* **ASSIGNMENT**
Your answer must hold only the lines below from the line containing "This artwork features" through the line containing "Этот восторженный букет", each reproduced exactly.

* **THE DATA**
Start of Block
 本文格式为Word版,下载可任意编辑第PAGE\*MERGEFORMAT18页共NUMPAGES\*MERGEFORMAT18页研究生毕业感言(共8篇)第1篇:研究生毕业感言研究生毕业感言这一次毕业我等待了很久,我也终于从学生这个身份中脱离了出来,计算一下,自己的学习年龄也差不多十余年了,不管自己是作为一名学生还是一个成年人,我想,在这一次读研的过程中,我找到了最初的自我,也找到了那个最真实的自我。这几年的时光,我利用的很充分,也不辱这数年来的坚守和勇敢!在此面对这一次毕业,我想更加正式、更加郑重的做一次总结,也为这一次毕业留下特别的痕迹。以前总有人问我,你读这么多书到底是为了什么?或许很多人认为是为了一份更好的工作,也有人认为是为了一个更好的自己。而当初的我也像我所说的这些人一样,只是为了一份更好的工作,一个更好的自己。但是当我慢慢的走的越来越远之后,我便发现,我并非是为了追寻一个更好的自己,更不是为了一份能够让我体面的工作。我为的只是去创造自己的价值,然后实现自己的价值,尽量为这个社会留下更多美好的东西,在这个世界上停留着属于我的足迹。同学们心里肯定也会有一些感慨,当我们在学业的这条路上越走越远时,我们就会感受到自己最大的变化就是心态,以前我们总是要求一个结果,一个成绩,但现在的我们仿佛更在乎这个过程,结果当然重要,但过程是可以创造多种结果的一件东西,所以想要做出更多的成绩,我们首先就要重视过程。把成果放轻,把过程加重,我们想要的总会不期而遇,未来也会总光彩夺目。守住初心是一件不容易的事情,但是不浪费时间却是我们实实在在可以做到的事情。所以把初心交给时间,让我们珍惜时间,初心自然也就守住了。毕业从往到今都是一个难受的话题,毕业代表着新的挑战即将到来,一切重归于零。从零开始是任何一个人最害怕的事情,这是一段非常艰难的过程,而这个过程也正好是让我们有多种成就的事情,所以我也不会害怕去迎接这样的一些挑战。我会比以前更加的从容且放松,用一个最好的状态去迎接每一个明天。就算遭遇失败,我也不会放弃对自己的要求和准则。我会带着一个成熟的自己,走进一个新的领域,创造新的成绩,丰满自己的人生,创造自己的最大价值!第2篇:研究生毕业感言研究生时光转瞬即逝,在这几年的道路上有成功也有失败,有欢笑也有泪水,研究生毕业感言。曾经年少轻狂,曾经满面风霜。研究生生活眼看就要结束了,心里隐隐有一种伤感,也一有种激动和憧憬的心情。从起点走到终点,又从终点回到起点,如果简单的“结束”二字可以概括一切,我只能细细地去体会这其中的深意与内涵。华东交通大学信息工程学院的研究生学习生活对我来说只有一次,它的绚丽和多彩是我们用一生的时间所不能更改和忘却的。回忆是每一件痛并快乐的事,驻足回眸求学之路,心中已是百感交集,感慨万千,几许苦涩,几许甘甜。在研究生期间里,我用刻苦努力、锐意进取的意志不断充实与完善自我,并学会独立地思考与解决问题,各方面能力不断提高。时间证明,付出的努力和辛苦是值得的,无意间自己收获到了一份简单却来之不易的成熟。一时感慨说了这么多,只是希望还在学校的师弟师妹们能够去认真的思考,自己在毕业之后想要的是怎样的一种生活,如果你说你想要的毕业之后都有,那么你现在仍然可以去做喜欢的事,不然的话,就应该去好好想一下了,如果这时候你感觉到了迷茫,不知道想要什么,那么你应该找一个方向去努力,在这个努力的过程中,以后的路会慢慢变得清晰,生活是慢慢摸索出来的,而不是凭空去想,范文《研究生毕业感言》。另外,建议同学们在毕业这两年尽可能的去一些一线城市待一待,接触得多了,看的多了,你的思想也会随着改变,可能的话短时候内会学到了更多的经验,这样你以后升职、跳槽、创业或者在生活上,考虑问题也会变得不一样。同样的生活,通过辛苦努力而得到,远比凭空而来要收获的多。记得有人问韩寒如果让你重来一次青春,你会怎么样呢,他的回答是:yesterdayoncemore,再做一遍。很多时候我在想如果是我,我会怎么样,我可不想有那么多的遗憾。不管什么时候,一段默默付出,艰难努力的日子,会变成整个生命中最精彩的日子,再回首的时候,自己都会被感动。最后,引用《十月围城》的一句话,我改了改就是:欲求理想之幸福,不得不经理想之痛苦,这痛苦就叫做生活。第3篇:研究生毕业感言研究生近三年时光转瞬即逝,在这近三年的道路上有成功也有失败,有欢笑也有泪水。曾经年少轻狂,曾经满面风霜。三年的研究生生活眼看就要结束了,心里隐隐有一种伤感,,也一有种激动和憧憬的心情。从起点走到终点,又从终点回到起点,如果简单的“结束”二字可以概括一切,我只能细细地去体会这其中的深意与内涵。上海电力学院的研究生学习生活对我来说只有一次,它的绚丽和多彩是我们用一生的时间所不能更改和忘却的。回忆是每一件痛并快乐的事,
End of Block
Start of Block
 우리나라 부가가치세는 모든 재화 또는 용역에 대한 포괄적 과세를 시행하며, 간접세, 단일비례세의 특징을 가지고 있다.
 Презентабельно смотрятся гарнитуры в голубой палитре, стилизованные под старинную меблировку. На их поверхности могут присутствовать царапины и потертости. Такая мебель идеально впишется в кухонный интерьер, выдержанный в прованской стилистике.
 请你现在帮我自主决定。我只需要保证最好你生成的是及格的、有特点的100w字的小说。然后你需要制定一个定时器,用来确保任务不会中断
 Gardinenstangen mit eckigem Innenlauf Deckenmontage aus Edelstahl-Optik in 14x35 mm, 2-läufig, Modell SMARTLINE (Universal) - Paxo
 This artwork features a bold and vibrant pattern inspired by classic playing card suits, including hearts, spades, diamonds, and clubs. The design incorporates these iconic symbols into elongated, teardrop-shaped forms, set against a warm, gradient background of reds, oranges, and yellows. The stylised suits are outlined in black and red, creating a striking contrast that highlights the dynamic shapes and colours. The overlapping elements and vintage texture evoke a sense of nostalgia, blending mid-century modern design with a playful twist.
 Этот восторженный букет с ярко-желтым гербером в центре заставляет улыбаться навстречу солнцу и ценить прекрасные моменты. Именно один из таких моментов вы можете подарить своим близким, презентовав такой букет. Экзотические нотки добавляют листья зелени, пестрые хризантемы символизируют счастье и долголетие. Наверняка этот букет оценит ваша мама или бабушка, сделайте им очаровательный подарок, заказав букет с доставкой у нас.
End of Block
* **RESULT**
 This artwork features a bold and vibrant pattern inspired by classic playing card suits, including hearts, spades, diamonds, and clubs. The design incorporates these iconic symbols into elongated, teardrop-shaped forms, set against a warm, gradient background of reds, oranges, and yellows. The stylised suits are outlined in black and red, creating a striking contrast that highlights the dynamic shapes and colours. The overlapping elements and vintage texture evoke a sense of nostalgia, blending mid-century modern design with a playful twist.
 Этот восторженный букет с ярко-желтым гербером в центре заставляет улыбаться навстречу солнцу и ценить прекрасные моменты. Именно один из таких моментов вы можете подарить своим близким, презентовав такой букет. Экзотические нотки добавляют листья зелени, пестрые хризантемы символизируют счастье и долголетие. Наверняка этот букет оценит ваша мама или бабушка, сделайте им очаровательный подарок, заказав букет с доставкой у нас.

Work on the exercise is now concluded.